Die aus den veränderten Reallagen im Auslandseinsatz erwachsenden ethischen Fragen, mit denen sich der Bundeswehrarzt konfrontiert sieht, machen eine vertiefende Reflexion des beruflichen Selbstverständnisses im Sanitätsdienst unumgänglich. Sie fanden in den letzten Jahren ihren Ausdruck in verschiedenen fachspezifischen und allgemeinen Publikationen. Dabei erweist sich insbesondere die Frage nach dem Arzt im bewaffneten Einsatz als bedeutsam. Gerade hier scheint das berufliche Selbstverständnis des ­Arztes mit demjenigen des Soldaten in ein Spannungsgefüge zu geraten.

Während zum Berufsethos des Arztes wie auch zu demjenigen des Soldaten relevante Referenztexte vorliegen, fehlt bis dato eine ­eigene, den besonderen Herausforderungen der Verwendung als Arzt und Soldat gerecht werdende Formulierung des ­Berufsethos des Bundeswehrarztes. Dies könnte mittels einer Systematisierung und Institutionalisierung der berufsethischen Fragen des Bundeswehrarztes im Rahmen eines auszuweisenden Faches „Wehrmedizinethik“ erfolgen.

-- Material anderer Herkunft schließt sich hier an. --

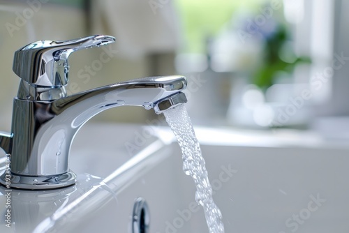 close up of a faucet and water flow on bathroom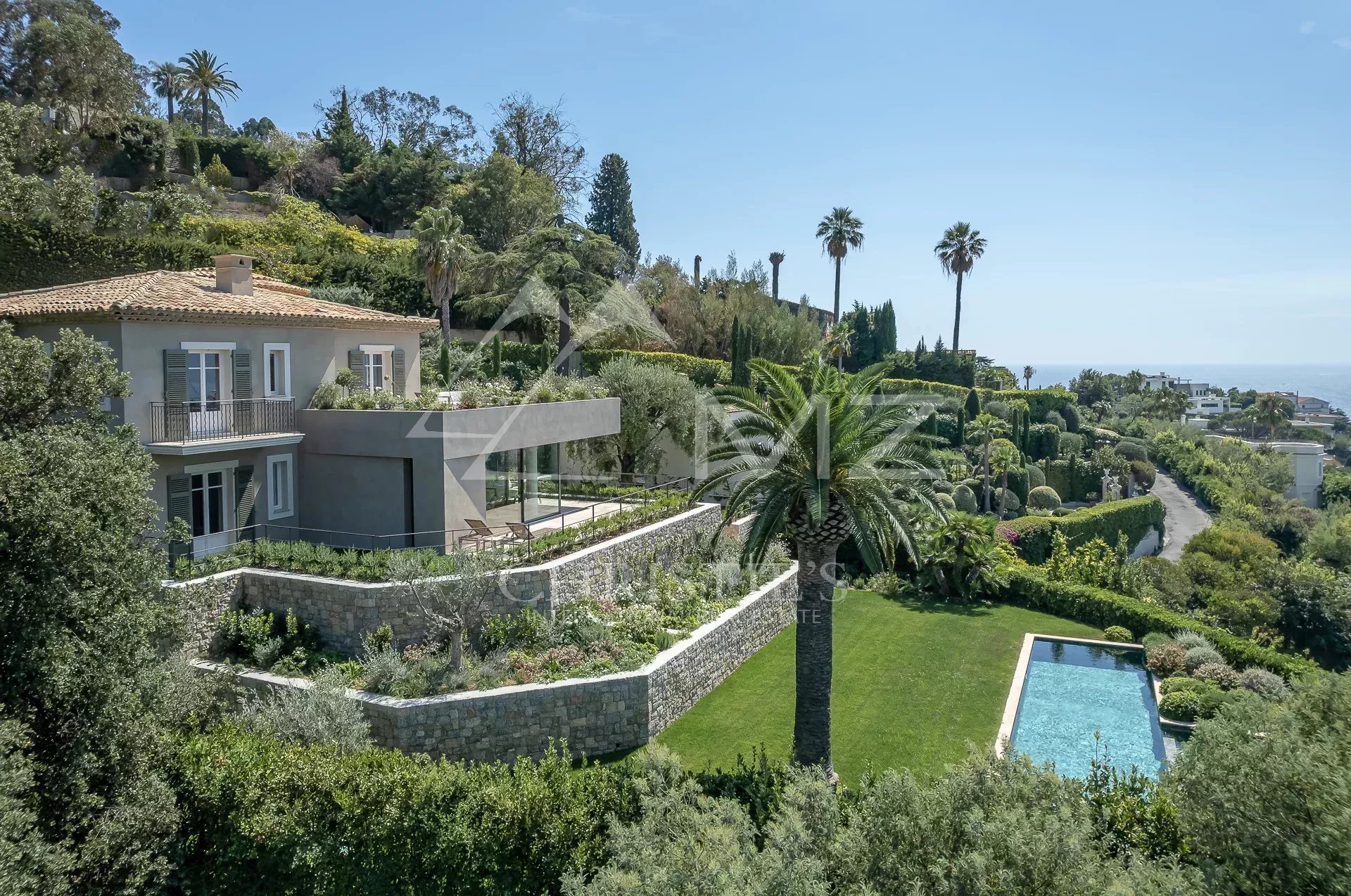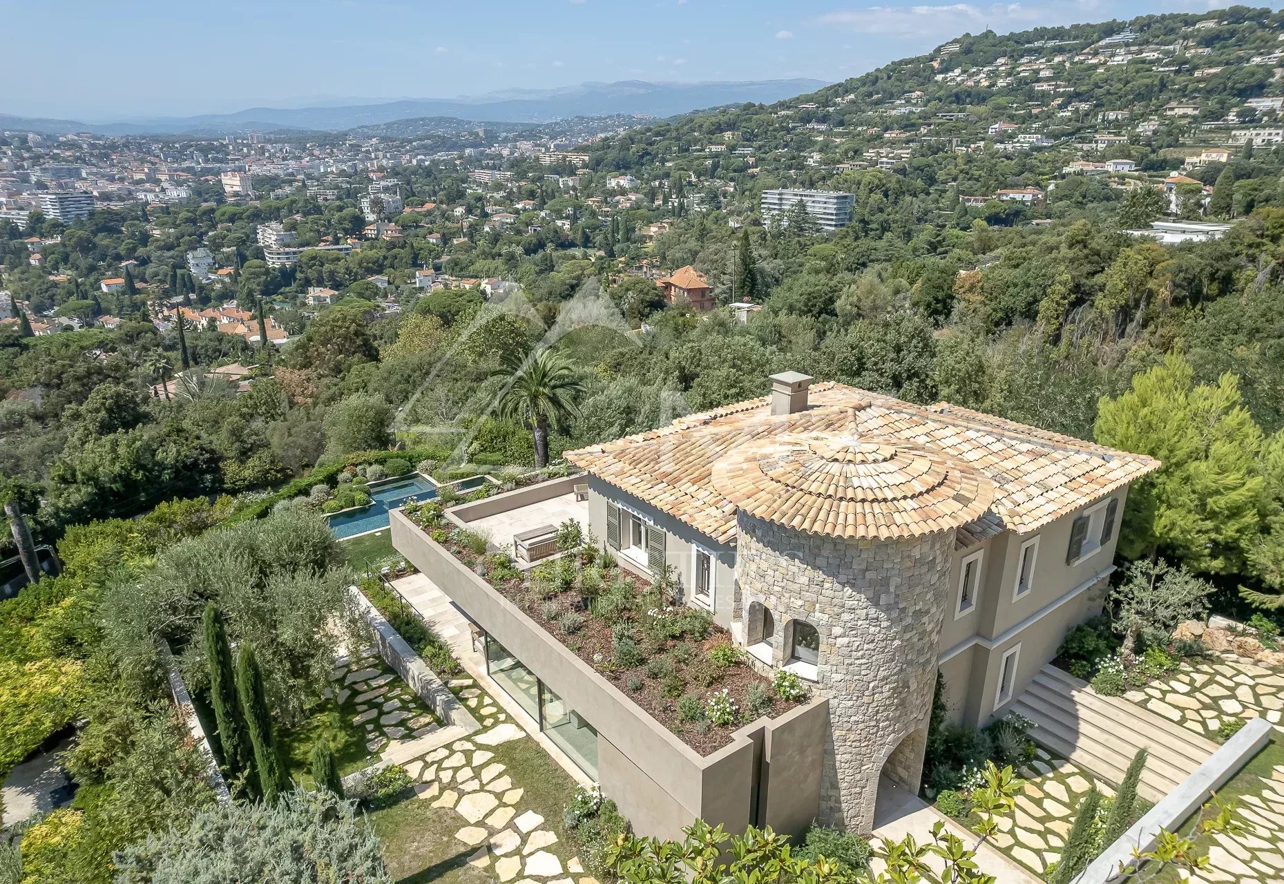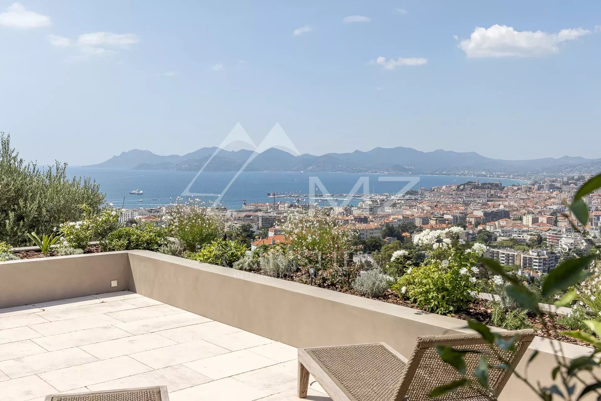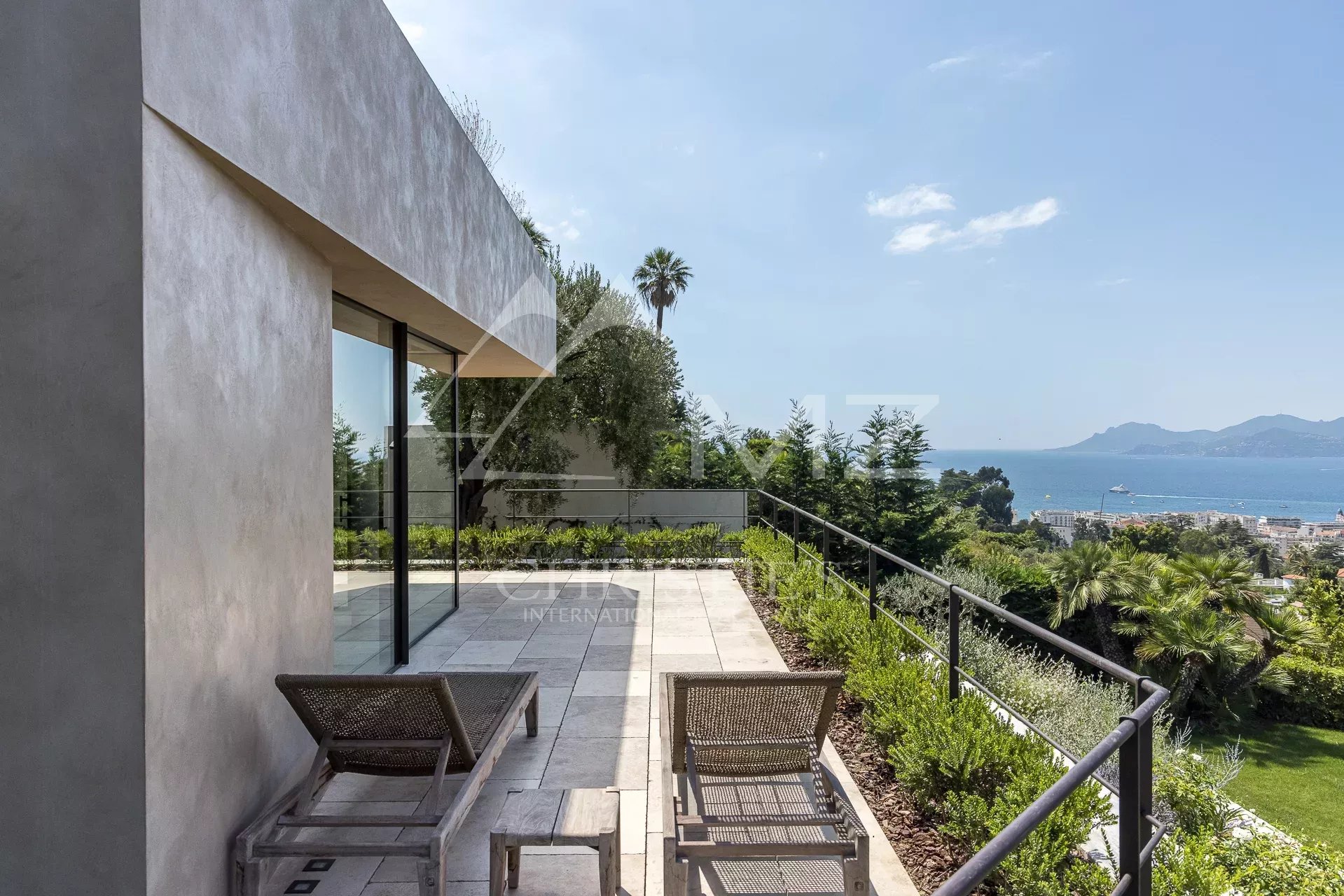 Rare, à quelques minutes du centre ville de Cannes, au cœur d'un domaine fermé, en position dominante, exceptionnelle propriété contemporaine neuve à la décoration raffinée, de 411m² environ. Offrant une vue mer panoramique sur la rade de Cannes et l'Estérel, 5 chambres en suite, salon, salle à manger, cuisine, salle de sport. Terrain avec piscine entièrement paysager d'essences Méditerranéennes.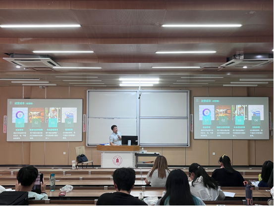 2024年5月24日,四川大学旅游学院旅游管理专业2000级校友、成都锦禧悦庭酒店管理有限公司总经理杜丘先生受邀回到母校,为2023级的同学们带来“酒店成本控制”专题讲座。本次讲座由四川大学旅游学院院长助理王俊鸿副教授主持。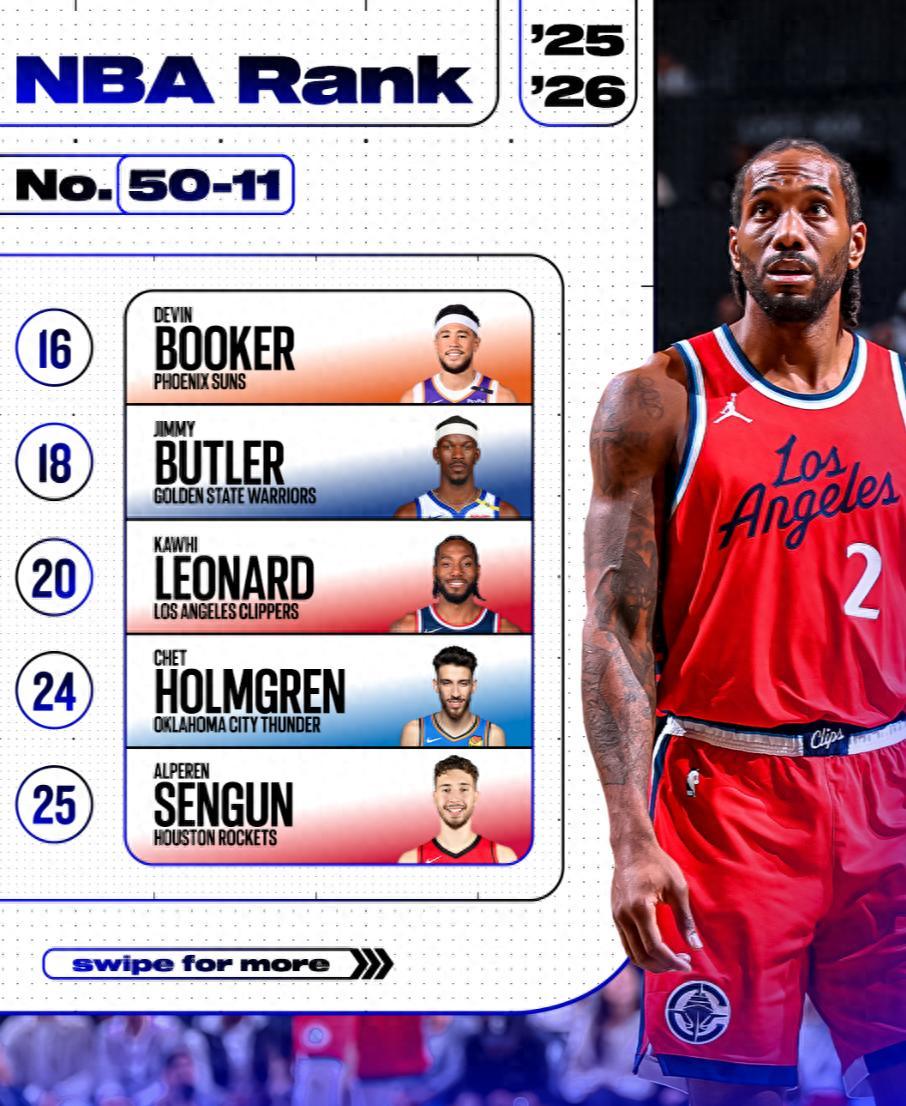 北京時間9月25日,ESPN評選的2025年百大球星已經更新到50-11了,雷霆隊的杰倫-威廉姆斯排在第11,倫納德20,巴特勒18,布克16分,霍姆格倫24,申京25。
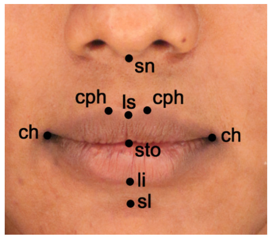 The same data collection procedure from our previous investigations was used, as detailed elsewhere [31,32,42,43]. By using a portable hand-held laser scanner (FastSCAN Cobra; Polhemus Inc., Colchester, VT, USA), 3D facial surface images of the subjects were recorded. A single operator acquired the facial image of all the subjects. Offline, the facial models were visualized by using an interactive 3D modeler software (Rhinoceros NURBS modeling for Windows 4.0) and the x, y, z coordinates of a standardized set of 50 soft tissue landmarks were obtained. Subsequently, custom computer programs were used for anthropometric measurements [32,40,43,44]. A subset of the collected landmarks was employed in the current study (Figure 1): sn, subnasale; ls, labiale superius; sto, stomion; li, labiale inferius; sl, sublabiale (midline unpaired landmarks); cph, crista philtri; ch, cheilion (on the right-r and left-l side of the face or paired landmarks).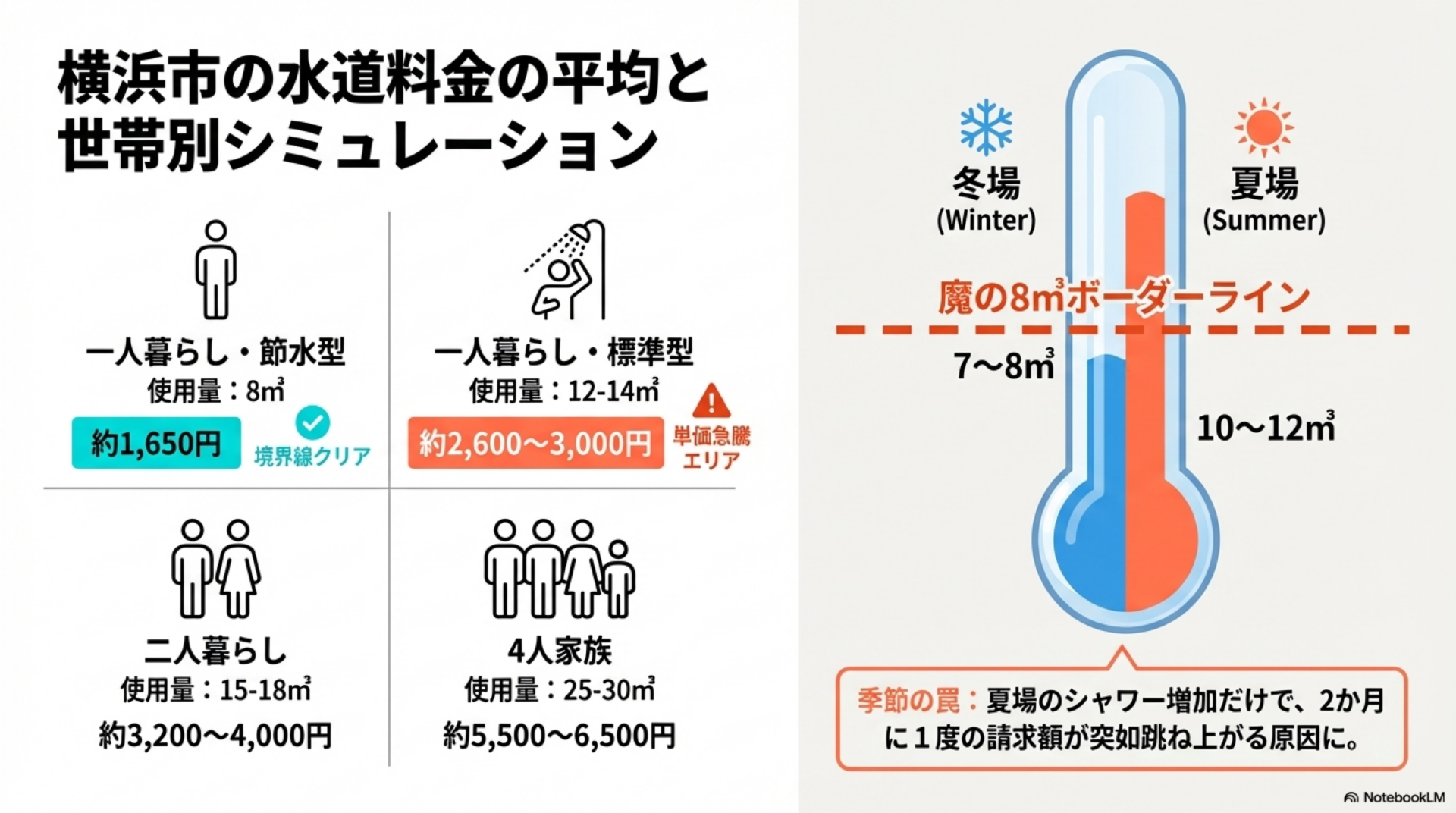 横浜市の料金体系では、8㎥を超えた瞬間に従量料金が急上昇するため、夏場に9〜10㎥を使うだけで冬場より月500〜1,000円程度高くなるケースがあります。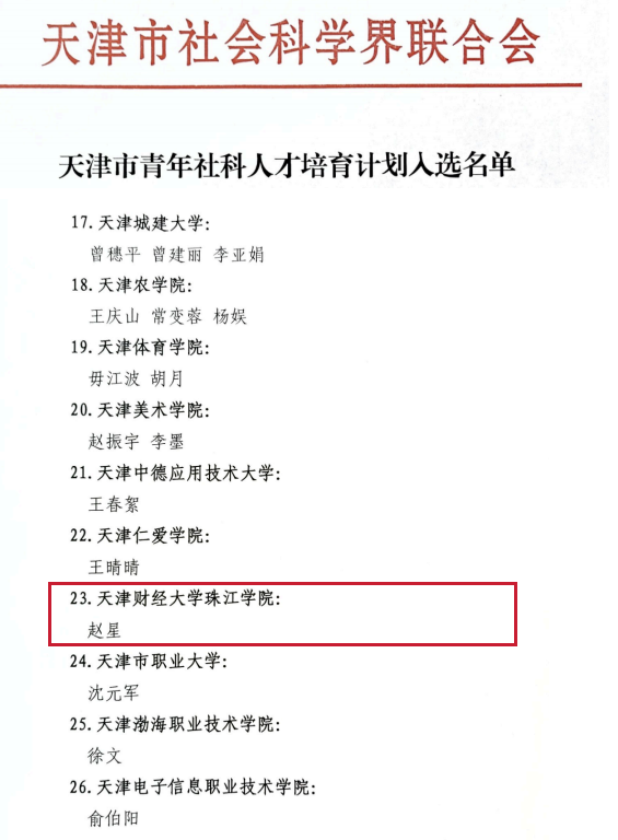 近日,天津市社会科学界联合会公布了天津市青年社科人才培育计划入选名单,经济学院金融系赵星副教授成功入选。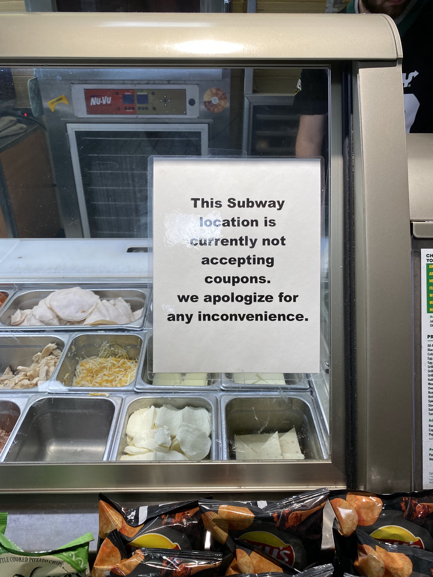 As someone who works in the food industry, I would be happy to answer the review below. Due to Covid-19 many distributors are having a difficult time supplying stores and restaurants with the items they need hence why a place like Subway may be out of certain items. As to the grocery store being across the street. While distributors take precautions and safety measures when packing and sending products such as produce to restaurants and grocery stores, once they have been put out for the consumer anything can happen. I have personally seen a person sneeze into their hand and then pick up a few loose apples before putting them back on the shelf at the store. Restaurants are not allowed to just run to the store and purchase these loose unpackaged items for just that reason. No amount of washing is going to remove the possibility of Covid from a cucumber or tomato. I hope this helps in understanding this issue that is effecting many businesses...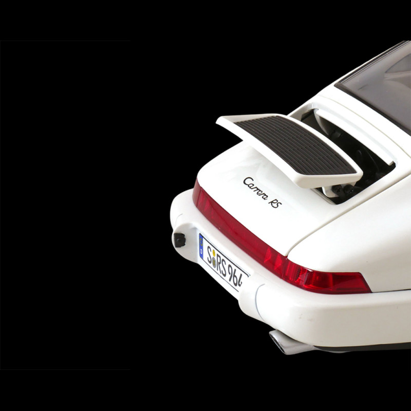 Diese detailgetreue Nachbildung im Maßstab 1:12 unterstreicht die eleganten Linien des 964 RS in einer dezenten weißen Lackierung, die perfekt durch die ikonischen Cup-Felgen dieser Generation ergänzt wird. Das aus Metall gefertigte Modell im großen Maßstab macht sich hervorragend in einer Vitrine und fängt mit seinen Details an Karosserie, Innenraum und Fahrwerk den radikalen Geist des echten RS perfekt ein.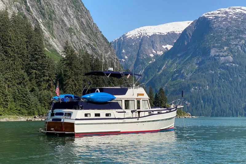 Rhumba Girl is a stunning 1995 Grand Banks 42 Motoryacht that combines elegance with performance. With an overall length of 48.5 feet, this trawler boasts a robust fiberglass hull, ensuring durability and stability on the water. Powered by twin Cummins 6BT 5.9-M diesel engines, each delivering 210 horsepower, she offers a cruising speed of 9 knots and a maximum hull speed of 13 knots, making it perfect for leisurely explorations. Inside she features two comfortable cabins, two heads and a large down galley, providing ample space for rest & relaxation. The upper bridge is spacious with a bimini top and a very rare and desireable radar arch. (No mast). The Lofrans electric windlass enhances convenience during anchoring and the electric SeaWise davit system makes launching the dingy very quick & easy. With a remarkable range of 700 miles, Rhumba Girl is ideal for extended voyages. This beauty, with only 3120 hours on each engine, is ready to take you on unforgettable adventures, blending classic charm with modern functionality. She is housed in an LLC and would be a ready & welcome addition to our charter fleet. Experience the open waters in style and comfort aboard this very well maintaned Grand Banks 42 Motoryacht.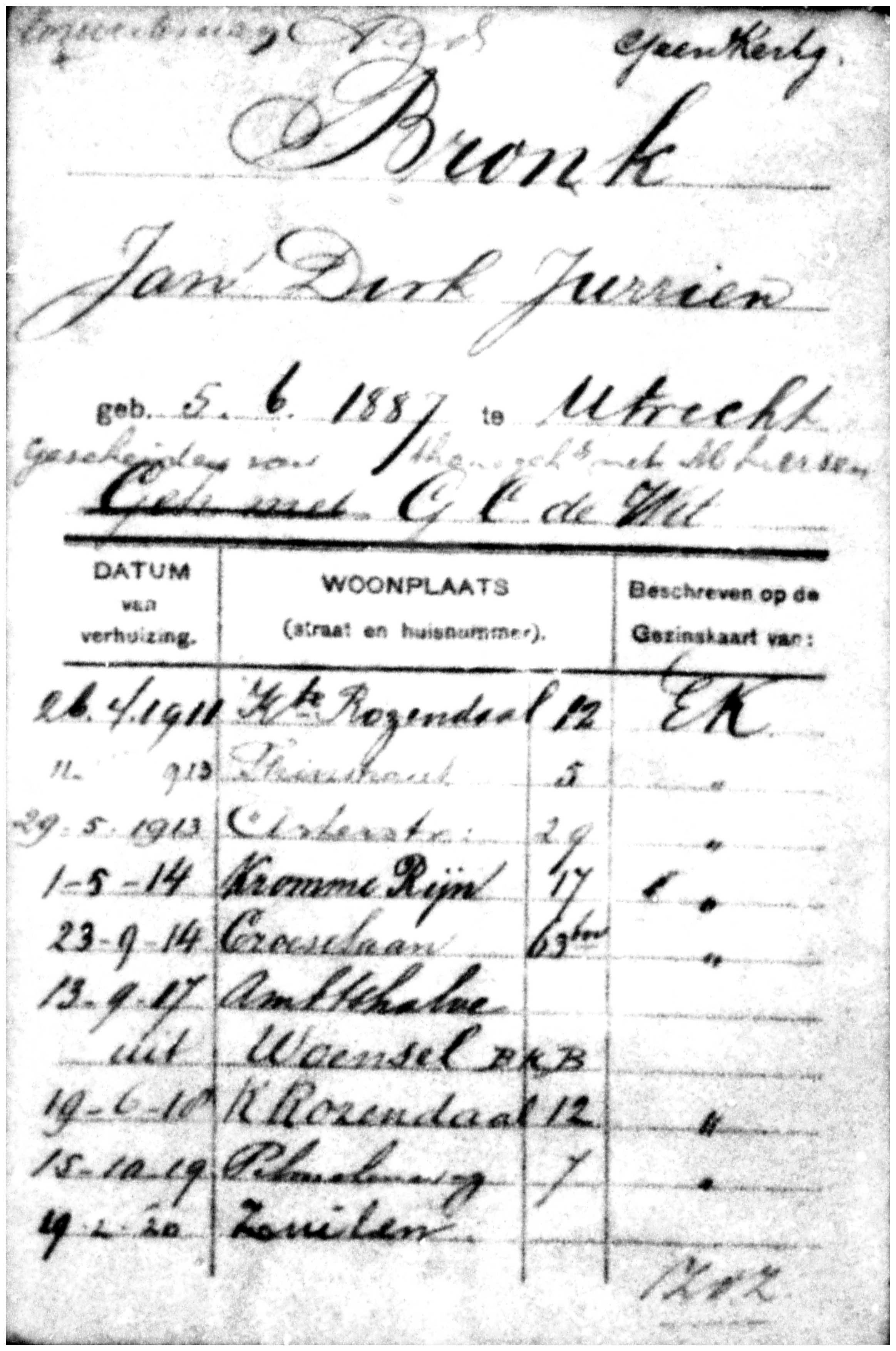 Dit is een "scan" van een microfiche op Het Utrechts Archief. Linksboven staat iets geschreven dat we niet kunnen ontcijferen. Het zou iets te maken kunnen hebben met het beroep van Jan Dirk Jurrien Bronk, mijn opa. Hij stond wel geregistreerd als los arbeider, fabrieksarbeider, grondwerker, etc. Het zou ook kunnen gaan over zijn militair pensioentje, hij was met de KNIL in N.O. Indië. Maar het kan ook iets heel anders zijn.

Verortung der berufsethischen Fragen des Bundeswehrarztes
Die Frage nach dem Berufsethos des Bundeswehrarztes weist eine der doppelten Verwendung als Arzt und Soldat geschuldete Mehrdimensionalität auf und ließe sich sowohl von militärethischer als auch von medizinethischer Seite her angehen. Wenn im Folgenden vom Bundeswehrarzt gesprochen wird, schließt dies Humanmediziner, Zahnmediziner und Veterinärmediziner in gleicher Weise ein. Bei Medizin- und Militärethik handelt es sich um zwei Beispiele spezieller bzw. angewandter Ethik. Diese sogenannten Bereichsethiken gilt es von der Fundamentalethik zu unterscheiden, die in einer grundlegenderen Weise Fragen nach dem sittlichen Handeln des einzelnen Menschen und dessen Relevanz im gesellschaftlichen Kontext stellt (vgl. Abb. 1).Photo
Die für das Berufsethos des Bundeswehrarztes relevanten Fragen ergeben sich vor allem aus dem Verhältnis von Medizin- und Militär­ethik. Es scheint fraglich, ob sie durch eine dieser Bereichsethiken allein in angemessener Weise erörtert werden können. Die Mehrdimensionalität des Berufsethos des Bundeswehrarztes verlangt eine interdisziplinäre Herangehensweise, die sowohl Medizin- als auch Militärethik im Blick behält. Es ergibt sich also ein eigener Bereich ethischer Reflexion, zu dessen Benennung ich den Begriff „Wehrmedizinethik“ vorschlagen möchte. In Anlehnung an das Bestimmungsverhältnis von Wehr- und Einsatzmedizin, demzufolge die Einsatzmedizin als eine Unterdisziplin der Wehrmedizin anzusehen ist, ließe sich auch im Rahmen der allgemeinen Wehrmedizinethik eine Einsatzmedizinethik als eigenständiger Bereich ausmachen (vgl. Abb. 2). Der Frage nach dem Arzt im bewaffneten Einsatz käme die Funktion eines wehrmedizinethischen Paradigmas zu.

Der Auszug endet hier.